Building a savings culture

September 4, 2008

, NAIROBI, August 27- You’ve probably heard the government announce that it intends to raise the national savings levels to about 30 percent in the next 25 years.

A statement which begs the question: what is the savings rate for Kenyans? According to estimates, it is a meagre 14 percent compared to 34 percent in Nigeria.

A section of local financial consultants paint an even gloomier picture; that Kenyans do not have a savings culture.

What with the young upwardly mobile Kenyans taking up credit cards and getting caught up in debt, spending money that they do not have and taking up loans to go on vacation!

Credit cards have become increasingly accessible, with banks now giving them to anyone earning more than Sh10, 000.

Financial consultants say women are better at saving than men.

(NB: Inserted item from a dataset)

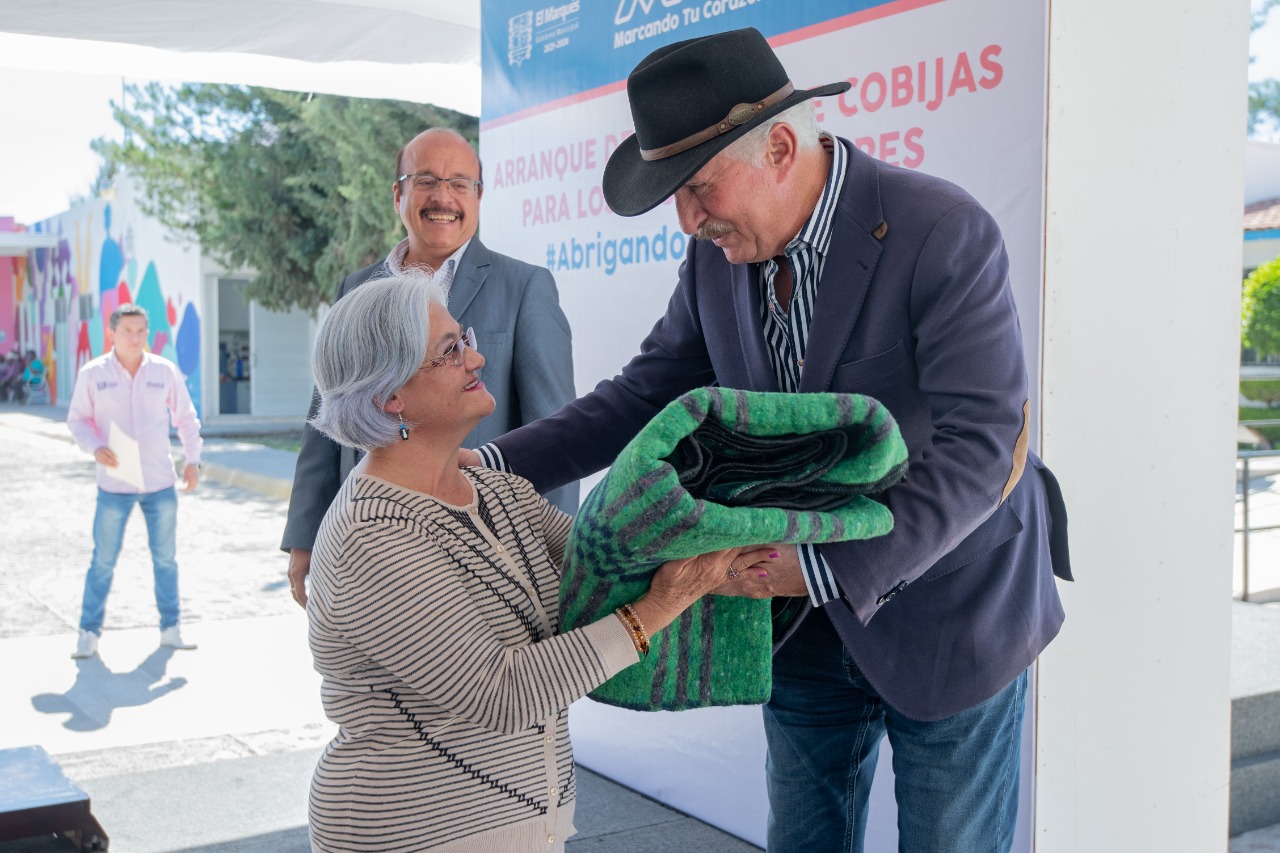 El presidente municipal de El Marqués, Enrique Vega Carriles, dio el banderazo de salida a la entrega de cobijas del Sistema Municipal DIF, beneficiando a 5 mil adultos mayores de diversas comunidades y fraccionamientos, como parte del programa “Abrigando de Corazón”.

Alex Kadzitu, an independent financial consultant, says Kenyan women, (particularly mothers) are more financially disciplined than their male counterparts.

This probably stems from their need to look out for their children and secure their future.

Sadly though, adds Kadzitu, majority of these women keep their money in banks where they have either fixed or current accounts with monthly deposits of between Sh10, 000 and Sh20, 000.

Granted, putting your money in a bank is commendable, but is it a good option?

Kadzitu says compared to other investment tools, banks do not offer good returns.

“If you are saving and the returns don’t beat inflation, then you are actually losing in terms of the value of cash that you are holding,” he explains.

Consider this: If say you put Sh1 million in a bank account at an inflation rate of 10 percent then it means that at the end of the year you lose 10 percent of the value of the cash.

In value terms this means you loss about Sh100, 000.

He says there are more efficient vehicles such as mutual funds, equities or offshore investment that even the low-risk takers can look at.

He cites the offshore investments through which savvy investors can diversify their portfolio and adds that the entry levels for such securities are manageable and affordable for the average middle-class Kenyan.

Kadzitu says such investments present immense opportunities for investors to maximise their returns because the markets record single digit inflation rates have a wide range of products to invest in and investor-protection is much higher.

There are many firms that have been offering such products for close to 10 years but the uptake is still too low, a situation that is attributed to scepticism and a lack of knowledge on the benefits of such instruments.

Although a number of Kenyan investors are better-educated on investment matters now than they were a few years ago, there are still many people who have a rudimentary understanding of these securities.

“There are still people who associate offshore investments with money laundering and corruption,” the consultant explains.

Mutual funds however have been a preserve of a few. But is cost a factor for the low uptake now?

Kadzitu says an emphatic no. Currently, there are providers who are offering funds that range from a minimum of Sh5000 to Sh1 million.

In order to know which vehicles to invest in, he says, investors should seek guidance from financial adviser to get the pros and cons of a particular product and give them unbiased opinions.

This, he says, would help people to avoid situations where many people have burnt their fingers by taking up loans to participate in Initial Public Offers.

Rule of thumb he says: “Do not take up loans to invest in securities especially equities unless you have the capacity to repay the loans with ease.”

As his advice to Kenyans, Kadzitu quotes William Shakespeare who said: “Take care of the pennies and the pounds will take care of themselves.”

Translated into Kenyan lingo it basically means that “if you are not making cents, you will never make shillings”.

He says a person who’s looking to make some money should always be on the look out for opportunities to invest, don’t be narrow-minded.

Kadzitu’s parting shot: “Formulate smart objectives and then follow the financial planning cycle to the letter.”